This is similar to the idea me and Rob discussed in Boston but we never considered using a full callback system for access we were simply looking using pure user permissions. Having full callback functionality would certainly allow for improved flexibility.

The question then also starts to emerge whether we should have some sort of service registry which holds descriptive information about the call.

With this however access system it generally relies on a user object (or at least the functions utilised do) and hence a sign in must occur. On certain sites there will be a requirement to not require testing therefore the system should allow for a simple way to allow for a the return of access = true. I realise that it doesn't affect the fundmental structure proposed and could be as simple as an admin option of allow access to all users but it something we need to consider while designing the solution.

The arguments may not be required but a design which allows for additional parameters code result in less head aches in the future.

I definitely thing nedjo's got it right. Rob and Marc, will either of you be available some time soon, maybe even tomorrow to have a go at this, the three of us? We need to get this in ASAP as security team has done a review and expressed their concern.
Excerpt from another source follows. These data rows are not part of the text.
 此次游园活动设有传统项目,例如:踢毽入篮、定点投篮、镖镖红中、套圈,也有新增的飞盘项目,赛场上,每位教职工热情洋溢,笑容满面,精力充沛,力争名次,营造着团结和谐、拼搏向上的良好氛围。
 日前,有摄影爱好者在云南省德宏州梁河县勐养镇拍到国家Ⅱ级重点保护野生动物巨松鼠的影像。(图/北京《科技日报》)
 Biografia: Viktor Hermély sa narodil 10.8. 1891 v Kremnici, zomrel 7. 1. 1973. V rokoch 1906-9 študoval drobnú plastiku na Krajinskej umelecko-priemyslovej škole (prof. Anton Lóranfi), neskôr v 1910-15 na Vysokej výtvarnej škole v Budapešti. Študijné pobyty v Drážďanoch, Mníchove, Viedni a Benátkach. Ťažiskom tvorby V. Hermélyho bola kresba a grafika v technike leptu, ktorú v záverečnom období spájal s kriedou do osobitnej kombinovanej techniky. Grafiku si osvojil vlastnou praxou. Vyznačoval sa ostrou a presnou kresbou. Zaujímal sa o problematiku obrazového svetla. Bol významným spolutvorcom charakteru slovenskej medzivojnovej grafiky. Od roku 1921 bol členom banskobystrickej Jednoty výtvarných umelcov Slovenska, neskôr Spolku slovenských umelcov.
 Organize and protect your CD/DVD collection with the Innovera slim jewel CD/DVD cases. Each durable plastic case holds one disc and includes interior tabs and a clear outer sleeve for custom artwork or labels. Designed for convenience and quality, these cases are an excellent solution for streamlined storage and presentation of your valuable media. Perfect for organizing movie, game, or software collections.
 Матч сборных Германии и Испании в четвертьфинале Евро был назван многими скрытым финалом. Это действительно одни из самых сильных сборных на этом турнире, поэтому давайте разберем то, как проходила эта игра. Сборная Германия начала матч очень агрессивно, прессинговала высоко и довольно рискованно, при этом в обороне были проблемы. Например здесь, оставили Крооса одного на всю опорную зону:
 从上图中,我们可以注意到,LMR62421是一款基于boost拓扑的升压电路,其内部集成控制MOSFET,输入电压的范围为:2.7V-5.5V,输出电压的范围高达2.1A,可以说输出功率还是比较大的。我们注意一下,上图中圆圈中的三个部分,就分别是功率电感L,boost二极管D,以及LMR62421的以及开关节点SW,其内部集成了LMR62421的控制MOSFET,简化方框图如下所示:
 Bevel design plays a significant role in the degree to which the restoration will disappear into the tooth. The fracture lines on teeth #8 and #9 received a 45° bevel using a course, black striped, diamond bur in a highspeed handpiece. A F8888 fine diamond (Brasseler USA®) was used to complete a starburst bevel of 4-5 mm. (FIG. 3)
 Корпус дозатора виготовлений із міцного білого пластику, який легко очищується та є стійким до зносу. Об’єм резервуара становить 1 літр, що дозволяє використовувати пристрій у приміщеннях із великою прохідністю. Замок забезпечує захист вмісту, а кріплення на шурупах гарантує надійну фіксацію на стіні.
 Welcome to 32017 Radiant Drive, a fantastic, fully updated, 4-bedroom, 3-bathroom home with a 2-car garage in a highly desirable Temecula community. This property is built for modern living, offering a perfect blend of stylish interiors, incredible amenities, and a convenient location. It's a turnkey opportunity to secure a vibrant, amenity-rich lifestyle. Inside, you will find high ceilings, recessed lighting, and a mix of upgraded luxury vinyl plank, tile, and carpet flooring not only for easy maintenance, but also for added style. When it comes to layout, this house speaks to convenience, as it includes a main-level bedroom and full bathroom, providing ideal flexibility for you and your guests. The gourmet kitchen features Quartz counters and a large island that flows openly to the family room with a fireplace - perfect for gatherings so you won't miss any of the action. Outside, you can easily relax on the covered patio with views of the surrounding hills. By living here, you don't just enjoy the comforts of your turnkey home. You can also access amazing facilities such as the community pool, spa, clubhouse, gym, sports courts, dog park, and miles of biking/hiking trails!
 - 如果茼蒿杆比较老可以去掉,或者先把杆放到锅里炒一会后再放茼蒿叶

I think I'm gonna try to get a patch together in the morning. I'll hop on IRC.

Scott

Here's an early and rough patch.

What's been done:

* 2 more metadata params for methods '#access callback' and '#access arguments'
* '#access callback' and '#access arguments' defaults to 'user_access' and 'access services'
* '#access arguments' can be set without '#access callback' to provide 'user_access' arguments
* if '#access callback' is set without '#access arguments', the request arguments are passed to the access callback
* only node_service has been given custom callbacks for load, save and delete

Some things I noticed:
* As nedjo mentioned, in node.load for example, we don't get a full node object as an argument, just nid, so we have to do a node_load before passing it to node_access in the custom access callback function, resulting in 2 node_loads. You can still do access checking within the service method itself though, maybe that's the solution to this problem.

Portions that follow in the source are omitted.